The United States Anti-Doping Agency (USADA) was recognized by the President and Congress of the United States as the official anti-doping agency for Olympic, Pan American, and Paralympic sport in the United States, USADA Chief Executive Officer Terry Madden announced Tuesday.
“With the United States Congress identifying USADA as the official national anti-doping agency for Olympic sports, it provide additional strength and stature for USADA, both domestically and internationally, in the fight against doping in sport,” said Madden.
The passing of Public Law 107-67 (section 644) last month calls for USADA to be known as the ‘official anti-doping agency for Olympic, Pan American and Paralympic sport in the United States.’ The recognition was included in the Treasury and General Government Appropriations Act, 2002, and became public law when President George W. Bush signed the act.
Senator Ben Nighthorse Campbell of Colorado secured significant funding for USADA and authored the language that makes USADA the official anti-doping agency for Olympic sports.
“USADA has taken the worldwide lead in Olympic anti-doping and will serve our country well as our official anti-doping agency.
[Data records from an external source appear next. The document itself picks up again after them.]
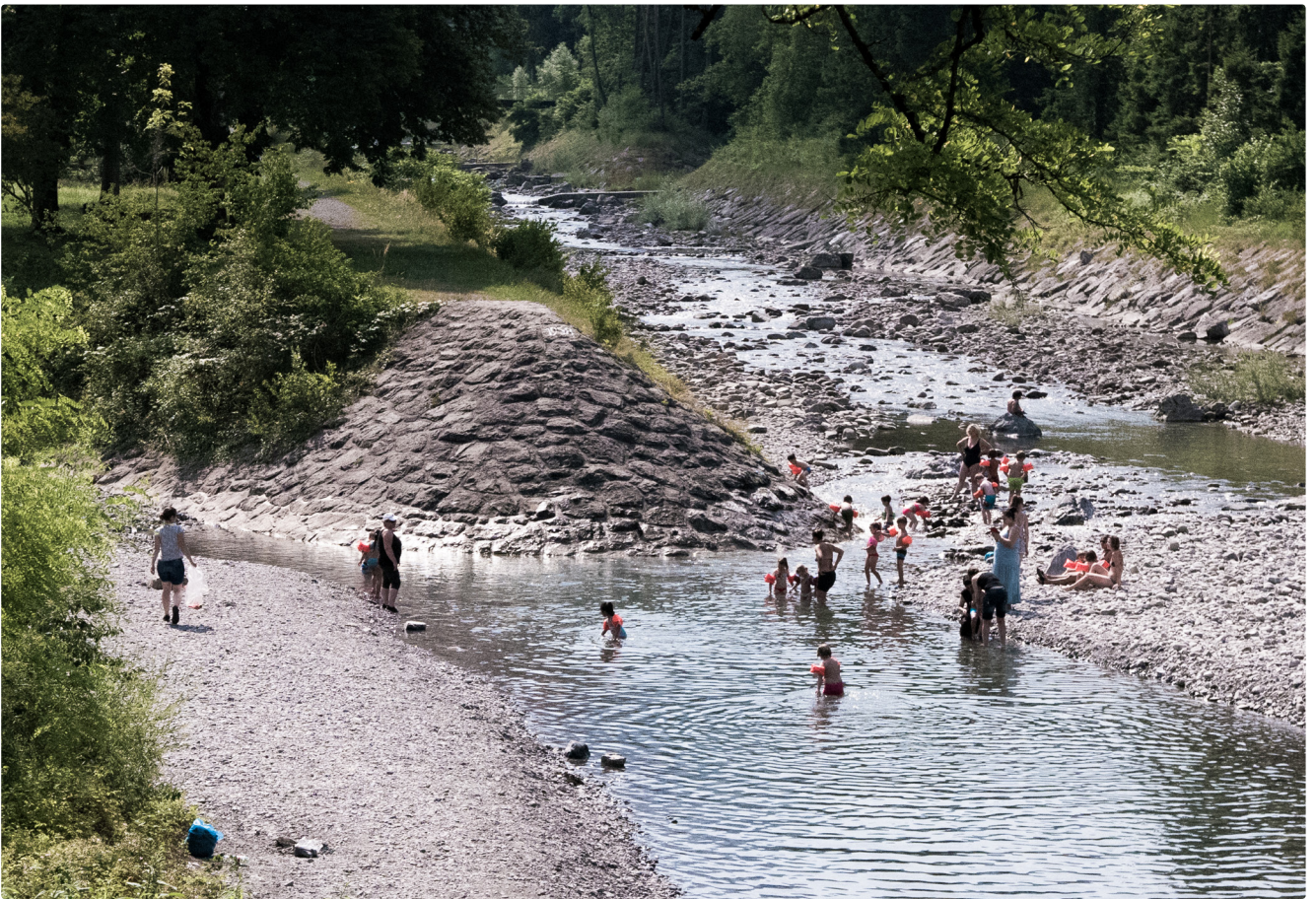
Frutz und Frödisch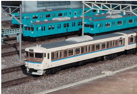
JR西日本商品化許諾済

JR西日本で活躍する113系のうち、状態の良い車両を対象に1998年から車体の大規模更新と座席の交換をはじめとする体質改善40N工事が施工されました。屋根の張り上げ化、ベンチレーターの撤去、側面窓ガラスの支持方式の変更や黒色サッシ化されている点が外観上の特徴です。薄茶色の塗装色をベースに、窓周りを茶色で塗り分け、同社のコーポレートカラーの青色のラインが入った更新色でカラーリングも一新されました。2009年からは地域に合わせた単色塗装に塗装変更されることとなり、順次更新色から地域色に塗装変更されています。製品は2004年頃に活躍していた京都総合運転所の灰色スカート装備のT1編成(No.50580)と黒色スカート装備のT2編成(No.50581)を製品化します。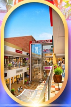
มิตซึเอะอิเกะอิเล็ค

USADA’s official recognition, and the funds that were included in the Treasury and General Government Appropriations act, will go a long way toward combating the use of illegal substances in the Olympic Games,” said Campbell, captain of the 1964 U.S. Olympic judo team.
USADA is the independent anti-doping agency for Olympic sports in the United States, and is responsible for managing the testing and adjudication process for U.S. Olympic, Pan Am, and Paralympic athletes. USADA is equally dedicated to preserving the integrity of sport through research initiatives and educational programs.